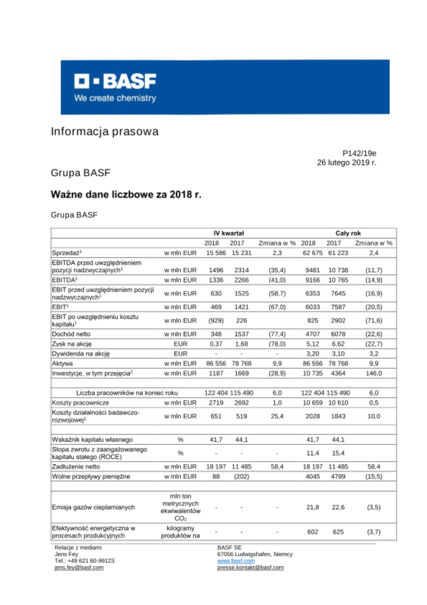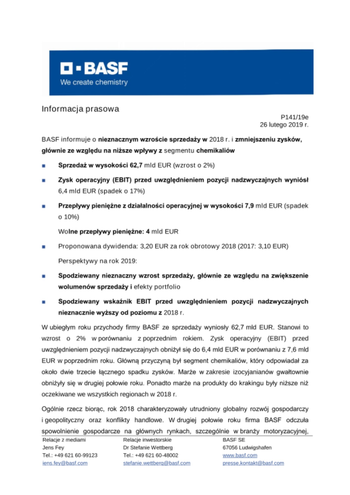 W ubiegłym roku przychody firmy BASF ze sprzedaży wyniosły 62,7 mld EUR. Stanowi to wzrost o 2% w porównaniu z poprzednim rokiem. Zysk operacyjny (EBIT) przed uwzględnieniem pozycji nadzwyczajnych obniżył się do 6,4 mld EUR w porównaniu z 7,6 mld EUR w poprzednim roku. Główną przyczyną był segment chemikaliów, który odpowiadał za około dwie trzecie łącznego spadku zysków. Marże w zakresie izocyjanianów gwałtownie obniżyły się w drugiej połowie roku. Ponadto marże na produkty do krakingu były niższe niż oczekiwane we wszystkich regionach w 2018 r.
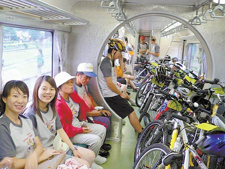 中新网10月10日电 据台湾《中国时报》报道,台铁九日宣布,预计二00九年起,新购的三百七十辆新车,前后两端都会设置脚踏车摆放区,供旅客携带自行车共乘,只要多买张票,就可以让自行车搭乘台铁。图为台铁目前提供部分团体包租台铁车厢方式,让自行车也能上火车,吸引不少年轻自行车族群。
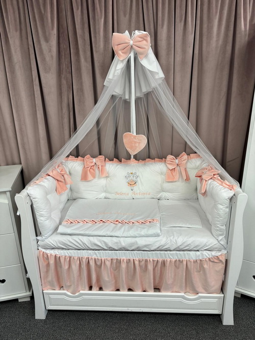 PEPPIbambini ROYAL White Somon Velours Literie de bébé 11 pièces linge parure de lit 100% coton avec broderie avec moustiquaire motif brodées
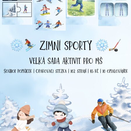 Přinášíme vám rozsáhlý vzdělávací soubor na téma zimní sporty, který obsahuje 102 stran plných her, úkolů, pohybu a zábavného učení pro děti v mateřské škole. Materiál je sestaven tak, aby děti zimní sporty poznávaly, prožívaly a opakovaly hravou formou.
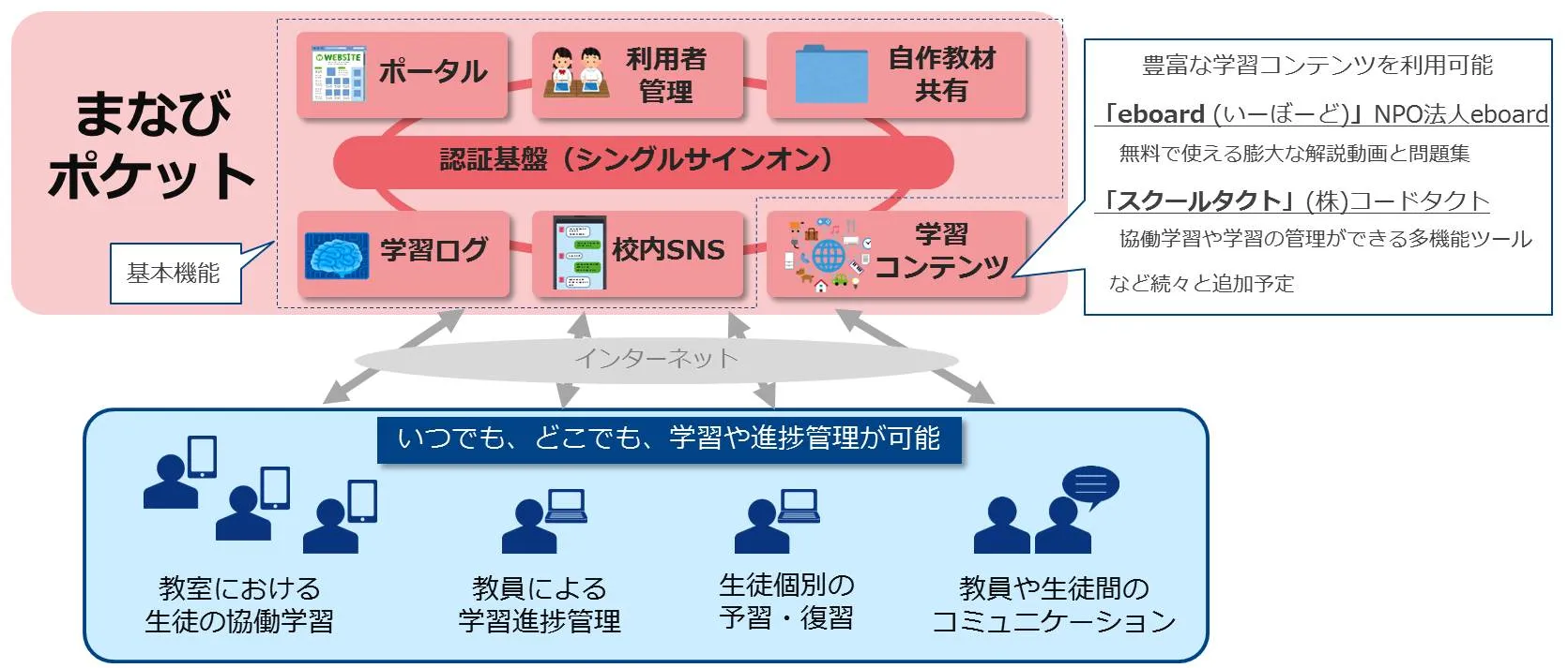 「まなびポケット」は、様々なデジタル教材やコミュニケーション機能などを、児童生徒や教員、保護者などがいつでもどこでも利用できるようにするコンテンツ提供プラットフォームです。
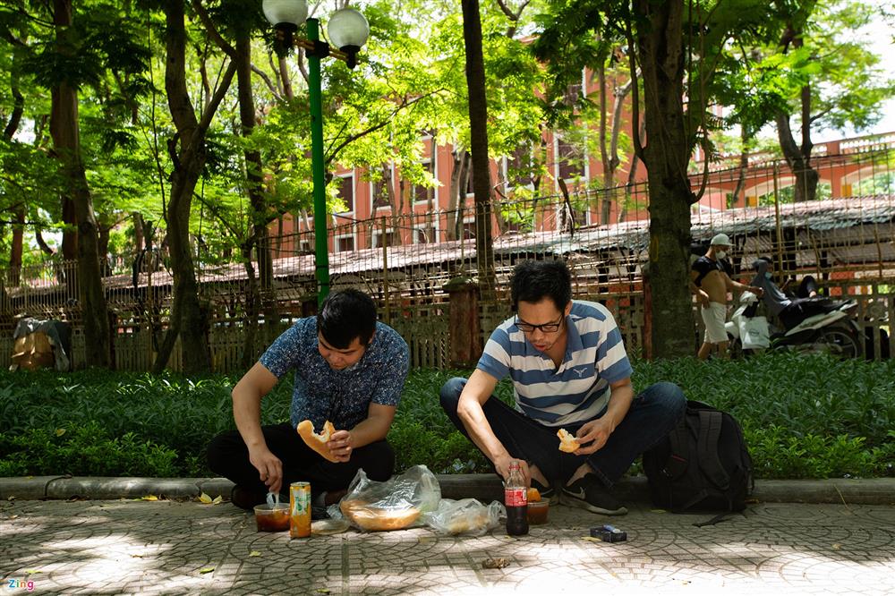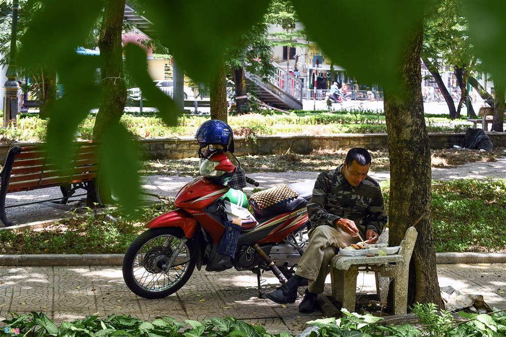Vườn hoa Đại học Thuỷ Lợi là một trong những nơi xuất hiện cảnh ăn uống dưới tán lá cây, ghế gỗ. Thời tiết tại Hà Nội đang nóng bức trở lại, vì vậy để kiếm được chỗ ngồi ăn uống nghỉ ngơi buổi trưa nhiều người phải túm tụm một chỗ, thiếu sự giãn cách trong mùa dịch.

--*--

The answer should contain only the lines from the one with "Přinášíme vám rozsáhlý" through the last line of the material, given word for word and without pictures.

▶ **Problem solution**
 Přinášíme vám rozsáhlý vzdělávací soubor na téma zimní sporty, který obsahuje 102 stran plných her, úkolů, pohybu a zábavného učení pro děti v mateřské škole. Materiál je sestaven tak, aby děti zimní sporty poznávaly, prožívaly a opakovaly hravou formou.
 「まなびポケット」は、様々なデジタル教材やコミュニケーション機能などを、児童生徒や教員、保護者などがいつでもどこでも利用できるようにするコンテンツ提供プラットフォームです。
Vườn hoa Đại học Thuỷ Lợi là một trong những nơi xuất hiện cảnh ăn uống dưới tán lá cây, ghế gỗ. Thời tiết tại Hà Nội đang nóng bức trở lại, vì vậy để kiếm được chỗ ngồi ăn uống nghỉ ngơi buổi trưa nhiều người phải túm tụm một chỗ, thiếu sự giãn cách trong mùa dịch.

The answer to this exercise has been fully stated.